LLVM Bugzilla is read-only and represents the historical archive of all LLVM issues filled before November 26, 2021. Use github to submit LLVM bugs

Bug 17122 - clang-format breaks code by splitting a string in a macro call.
Summary: clang-format breaks code by splitting a string in a macro call.
Status: RESOLVED FIXED
Alias: None
Product: clang
Classification: Unclassified
Component: Formatter (show other bugs)
Version: trunk
Hardware: PC Windows NT
: P normal
Assignee: Alexander Kornienko
URL:
Keywords:
Depends on:
Blocks:
 
Reported: 2013-09-06 10:55 PDT by Scott Determan
Modified: 2013-09-17 04:03 PDT (History)
6 users (show)

See Also:
Fixed By Commit(s):


Attachments

Note You need to log in before you can comment on or make changes to this bug.
Description Scott Determan 2013-09-06 10:55:42 PDT
Assume you have a macro defined as follows:
_T(x) L ## x

Where L"A string" makes wchar_t literal

Now when you have code like this:
_T("Some really long string that needs to be split into multiple lines")

clang-format will output:

_T("Some really long string that needs"
   " to be split into multiple lines")

On visual studio 2010, this appears to be expanded as:
L"Some really long string that needs" " to be split into multiple lines"

and I get an error:
error C2308: concatenating mismatched strings
Comment 1 Richard Smith 2013-09-06 13:45:02 PDT
This is an MSVC bug. Per [lex.string]p13, "If one string literal has no encoding-prefix, it is treated as a string literal of the same encoding-prefix as the other operand."

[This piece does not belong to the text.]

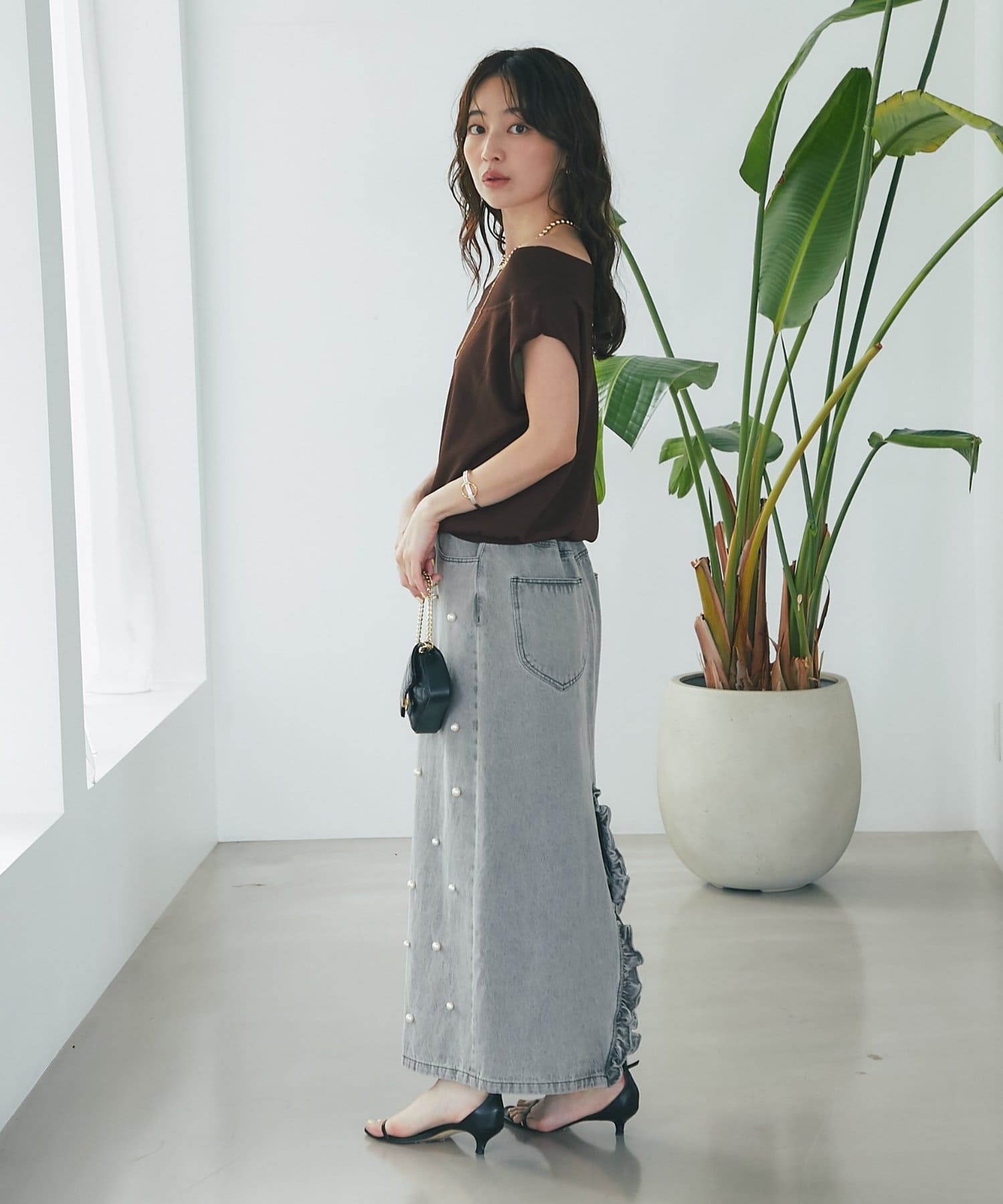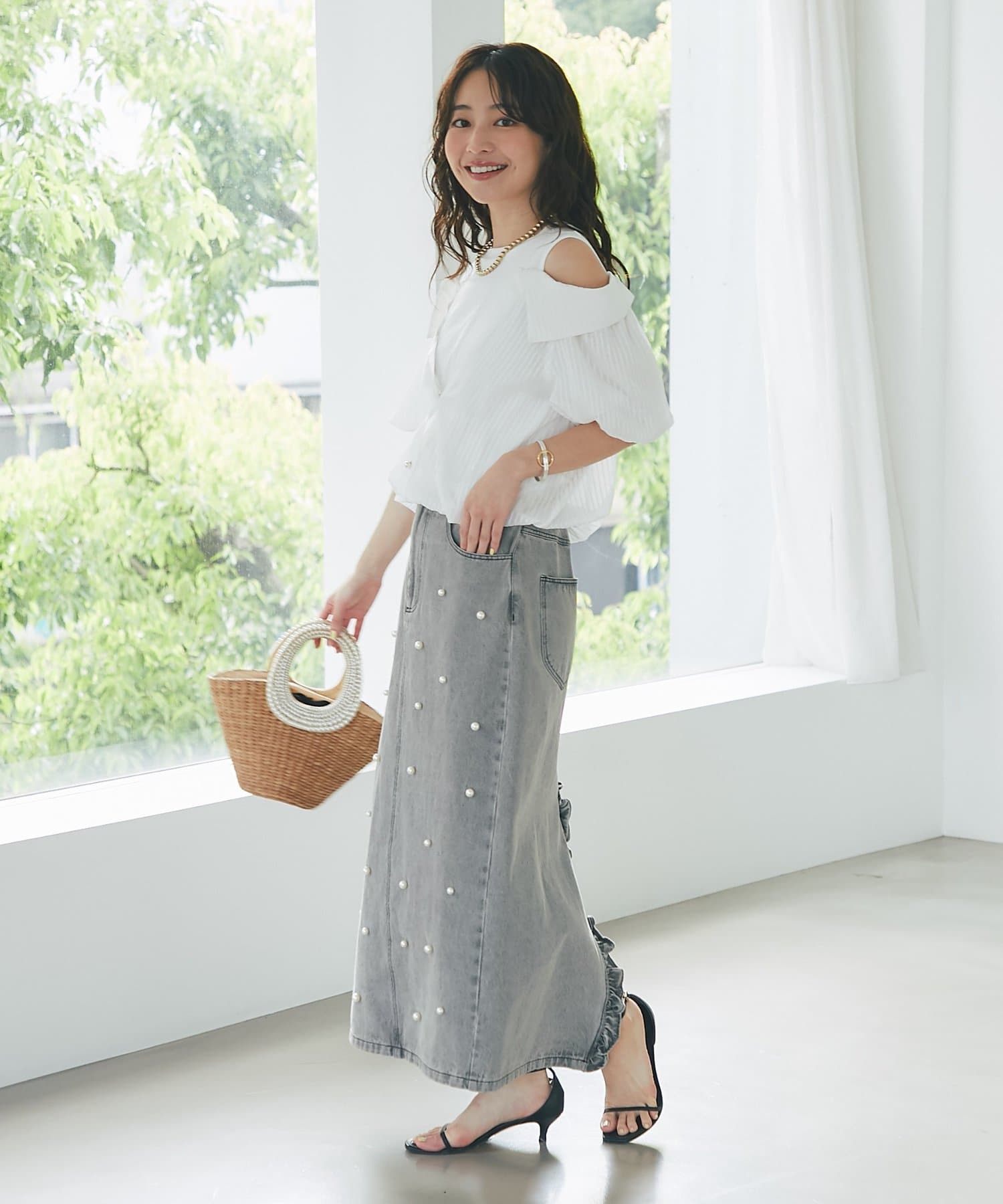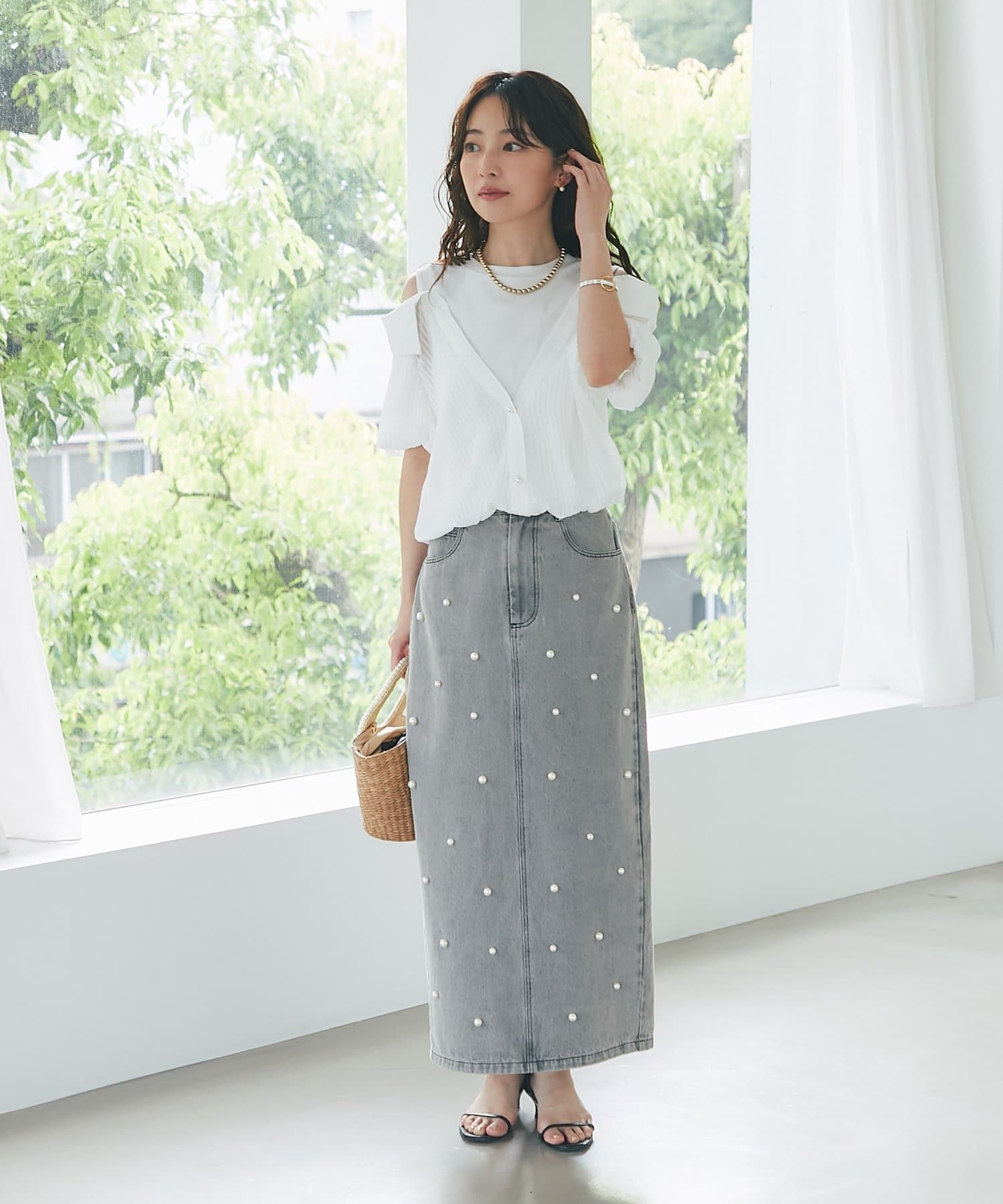 人気アイテム!大人ガーリーなパール付きデニムスカート

It's not clear to me how practical it would be for us to work around this bug. =(
Comment 2 Chandler Carruth 2013-09-08 23:51:38 PDT
This is a really common Windows idiom, so I think we should try to support it. It doesn't seem too hard.

Wrap:
  _T("really long string")

To:
  _T("really")
  _T("long")
  _T("string")


And we should recognize it by finding a string literal inside of a '_T(...)' like thing.
Comment 3 Daniel Jasper 2013-09-09 00:22:56 PDT
What exactly is a "_T(...)" like thing? If we are looking for exactly for the identifier _T, this could work. Otherwise, I think we would have to be absolutely sure that it is a macro defined as "L##x", because basically everything else will break with this change.

Seems like a big risk to work around a compiler bug. Alternatively, we could detect this pattern and not insert a break.
Comment 4 Chandler Carruth 2013-09-09 00:47:55 PDT
(In reply to comment #3)
> What exactly is a "_T(...)" like thing? If we are looking for exactly for
> the identifier _T, this could work. Otherwise, I think we would have to be
> absolutely sure that it is a macro defined as "L##x", because basically
> everything else will break with this change.

Yea, I was thinking to look for exactly '_T' preceding a parenthesis.

> Seems like a big risk to work around a compiler bug. Alternatively, we could
> detect this pattern and not insert a break.

My impression is that this is not dissimilar to the _(...) trick used in gettext in that it shows up in lots of places. That's why I thought it might be reasonable and worthwhile to do.... Fixing the compiler bug is both unlikely and slow.
Comment 5 Daniel Jasper 2013-09-09 01:58:28 PDT
As I said, as long as we are looking for exactly "_T", I don't see problems. If not, I would prefer not introducing a line break (which would also "solve" this bug).
Comment 6 Alexander Kornienko 2013-09-12 08:26:27 PDT
(In reply to comment #1)
> This is an MSVC bug. Per [lex.string]p13, "If one string literal has no
> encoding-prefix, it is treated as a string literal of the same
> encoding-prefix as the other operand."
> 
> It's not clear to me how practical it would be for us to work around this
> bug. =(

This behavior conforms with the C++03 standard ([lex.string]p3):
"In translation phase 6 (2.1), adjacent narrow string literals are concatenated and adjacent wide string literals are concatenated. If a narrow string literal token is adjacent to a wide string literal token, the behavior is undefined."
Comment 7 Daniel Jasper 2013-09-17 04:03:30 PDT
AFAICT this is fixed by Alex's r190804.